晴れていた空はやがて入道雲を重ねたような鉛色の雲で覆いつくされました。鏡のようだった海が荒れ始め、横殴りの風が吹きつけました。雨に交じって白い粉が降ってきました。強い放射能を帯びたサンゴの粉―――「死の灰」でした。雪のように降る白い灰を払いのけながら、6時間かけて揚げ縄作業(※補足3・4)が続けられました。白い粉は体じゅうに張りつき、首元から下着にたまり、チクチクと刺すように痛みました。

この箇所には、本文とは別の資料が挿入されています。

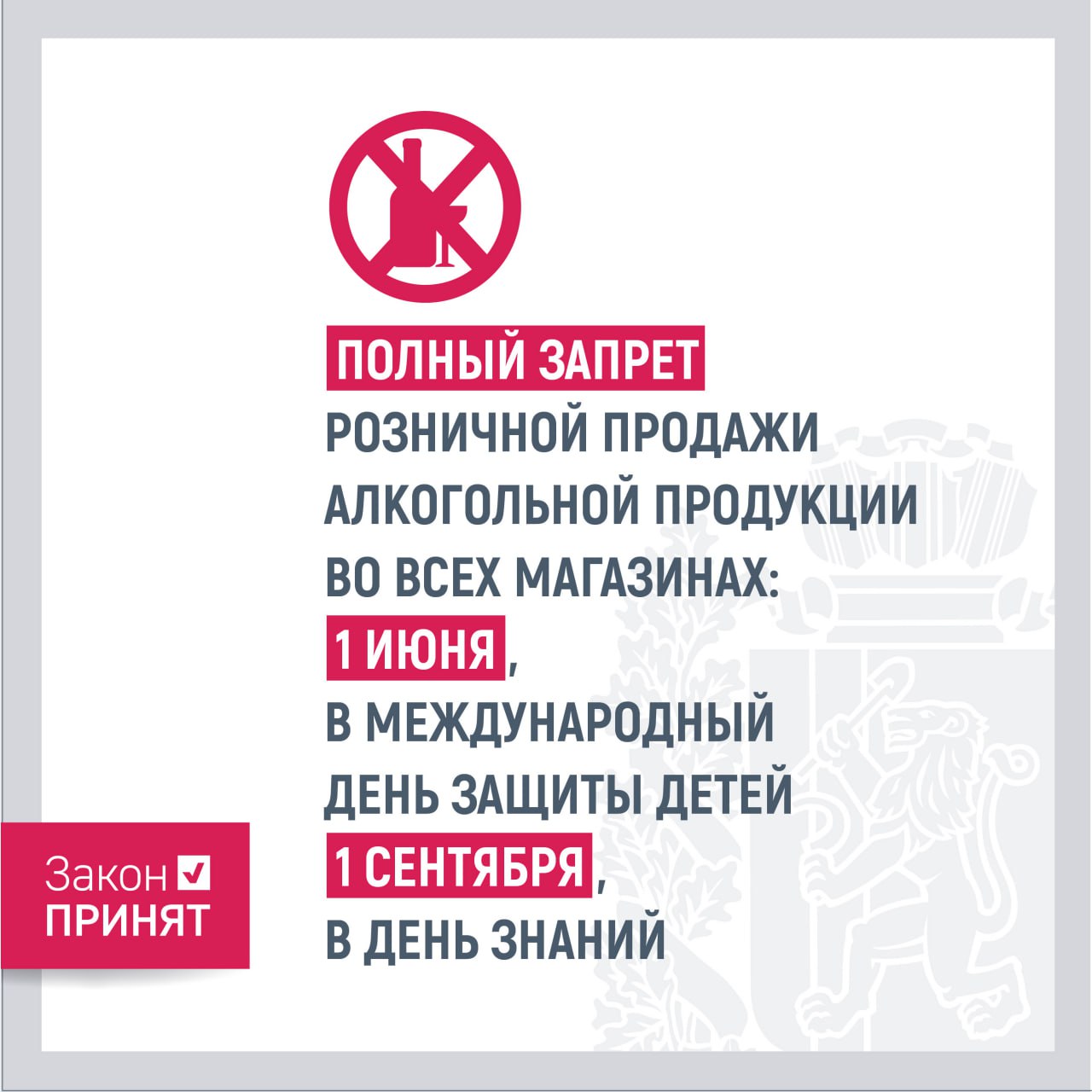 Полный запрет введут в Международный день защиты детей 1 июня и в День знания 1 сентября. При этом если второй праздник выпадает на выходной, то алкоголь не будут продавать на следующий за ним рабочий день. Ограничения на праздники будут действовать везде, кроме точек общепита.
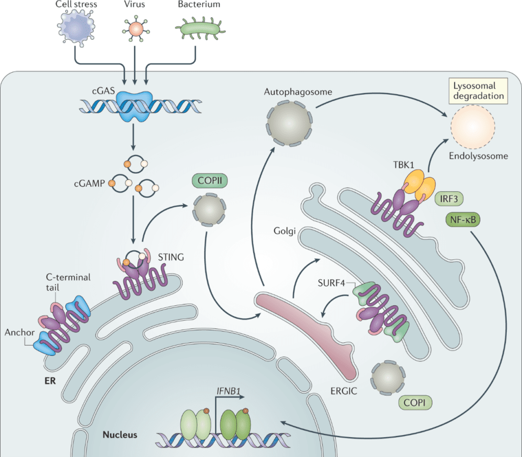 Figure 1. The cGAS/STING pathway, from Decout et al. Nat Rev Immunol 21, 548–569 (2021).

目、鼻、口、耳から体内に入り込み、真っ赤になった目をこすりながら作業をしました。白い粉は甲板に足跡がつくほど積りました。久保山無線長は海図室にのぼり、「はたして今の輝きは何だろう。場所はどこだろう」と、筒井久吉船長と見崎漁労長とで調べました。「どう考えてもビキニのほかない。揚げ縄をしていけば距離はだんだん遠くなる」と判断しました。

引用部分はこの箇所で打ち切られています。